=== Items from a dataset ===
======

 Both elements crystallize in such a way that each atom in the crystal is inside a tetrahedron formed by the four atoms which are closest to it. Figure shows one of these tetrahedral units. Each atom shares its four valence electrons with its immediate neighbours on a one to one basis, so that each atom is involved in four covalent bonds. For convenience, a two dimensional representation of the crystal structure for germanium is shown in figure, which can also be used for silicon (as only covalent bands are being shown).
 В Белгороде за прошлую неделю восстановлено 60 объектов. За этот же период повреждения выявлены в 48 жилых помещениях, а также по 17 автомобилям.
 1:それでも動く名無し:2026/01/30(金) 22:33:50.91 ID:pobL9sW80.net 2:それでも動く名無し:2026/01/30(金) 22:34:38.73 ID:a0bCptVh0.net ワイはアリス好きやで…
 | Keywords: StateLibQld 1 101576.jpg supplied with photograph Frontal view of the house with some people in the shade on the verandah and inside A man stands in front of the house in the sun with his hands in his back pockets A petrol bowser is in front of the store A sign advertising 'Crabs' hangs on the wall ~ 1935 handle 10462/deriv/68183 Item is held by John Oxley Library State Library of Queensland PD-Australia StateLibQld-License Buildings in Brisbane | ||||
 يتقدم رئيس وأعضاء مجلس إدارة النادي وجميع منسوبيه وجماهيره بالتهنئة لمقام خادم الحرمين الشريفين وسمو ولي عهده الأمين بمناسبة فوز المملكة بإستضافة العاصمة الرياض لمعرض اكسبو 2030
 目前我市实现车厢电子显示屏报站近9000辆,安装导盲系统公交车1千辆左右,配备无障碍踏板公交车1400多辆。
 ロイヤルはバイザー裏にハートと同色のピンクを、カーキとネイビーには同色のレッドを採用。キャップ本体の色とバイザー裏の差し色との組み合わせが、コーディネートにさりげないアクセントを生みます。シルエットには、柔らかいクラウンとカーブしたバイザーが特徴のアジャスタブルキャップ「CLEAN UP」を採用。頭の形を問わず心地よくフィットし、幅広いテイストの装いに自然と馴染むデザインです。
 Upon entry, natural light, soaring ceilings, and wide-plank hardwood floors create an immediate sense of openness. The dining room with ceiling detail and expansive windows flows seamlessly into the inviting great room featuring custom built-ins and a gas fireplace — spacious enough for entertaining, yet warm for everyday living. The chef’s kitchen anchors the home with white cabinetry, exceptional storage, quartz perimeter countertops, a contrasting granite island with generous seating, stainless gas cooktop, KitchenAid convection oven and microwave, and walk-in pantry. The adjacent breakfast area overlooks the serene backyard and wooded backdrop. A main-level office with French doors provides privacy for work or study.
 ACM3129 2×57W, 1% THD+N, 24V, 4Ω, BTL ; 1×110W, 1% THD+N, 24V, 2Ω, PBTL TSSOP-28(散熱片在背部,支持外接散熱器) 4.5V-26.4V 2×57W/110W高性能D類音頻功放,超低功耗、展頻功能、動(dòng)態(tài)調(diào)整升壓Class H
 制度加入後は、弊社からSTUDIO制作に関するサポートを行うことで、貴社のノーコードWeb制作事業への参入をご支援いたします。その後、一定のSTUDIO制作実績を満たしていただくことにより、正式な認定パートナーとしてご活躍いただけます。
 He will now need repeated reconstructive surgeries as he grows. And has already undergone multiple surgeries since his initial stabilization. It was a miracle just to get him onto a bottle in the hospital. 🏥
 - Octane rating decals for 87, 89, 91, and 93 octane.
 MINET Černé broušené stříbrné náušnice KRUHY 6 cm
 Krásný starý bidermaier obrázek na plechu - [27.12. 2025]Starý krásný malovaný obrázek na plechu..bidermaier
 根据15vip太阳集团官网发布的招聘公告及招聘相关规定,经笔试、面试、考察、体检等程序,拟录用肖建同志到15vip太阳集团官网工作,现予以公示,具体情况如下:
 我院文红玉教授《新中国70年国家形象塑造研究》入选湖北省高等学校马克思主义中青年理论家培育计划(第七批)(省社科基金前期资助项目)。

======

=== TASK TO CARRY OUT ===
Track down every line in the entries that includes the string "with", and copy it.

=== WRITTEN RESPONSE ===
 Both elements crystallize in such a way that each atom in the crystal is inside a tetrahedron formed by the four atoms which are closest to it. Figure shows one of these tetrahedral units. Each atom shares its four valence electrons with its immediate neighbours on a one to one basis, so that each atom is involved in four covalent bonds. For convenience, a two dimensional representation of the crystal structure for germanium is shown in figure, which can also be used for silicon (as only covalent bands are being shown).
 | Keywords: StateLibQld 1 101576.jpg supplied with photograph Frontal view of the house with some people in the shade on the verandah and inside A man stands in front of the house in the sun with his hands in his back pockets A petrol bowser is in front of the store A sign advertising 'Crabs' hangs on the wall ~ 1935 handle 10462/deriv/68183 Item is held by John Oxley Library State Library of Queensland PD-Australia StateLibQld-License Buildings in Brisbane | ||||
 Upon entry, natural light, soaring ceilings, and wide-plank hardwood floors create an immediate sense of openness. The dining room with ceiling detail and expansive windows flows seamlessly into the inviting great room featuring custom built-ins and a gas fireplace — spacious enough for entertaining, yet warm for everyday living. The chef’s kitchen anchors the home with white cabinetry, exceptional storage, quartz perimeter countertops, a contrasting granite island with generous seating, stainless gas cooktop, KitchenAid convection oven and microwave, and walk-in pantry. The adjacent breakfast area overlooks the serene backyard and wooded backdrop. A main-level office with French doors provides privacy for work or study.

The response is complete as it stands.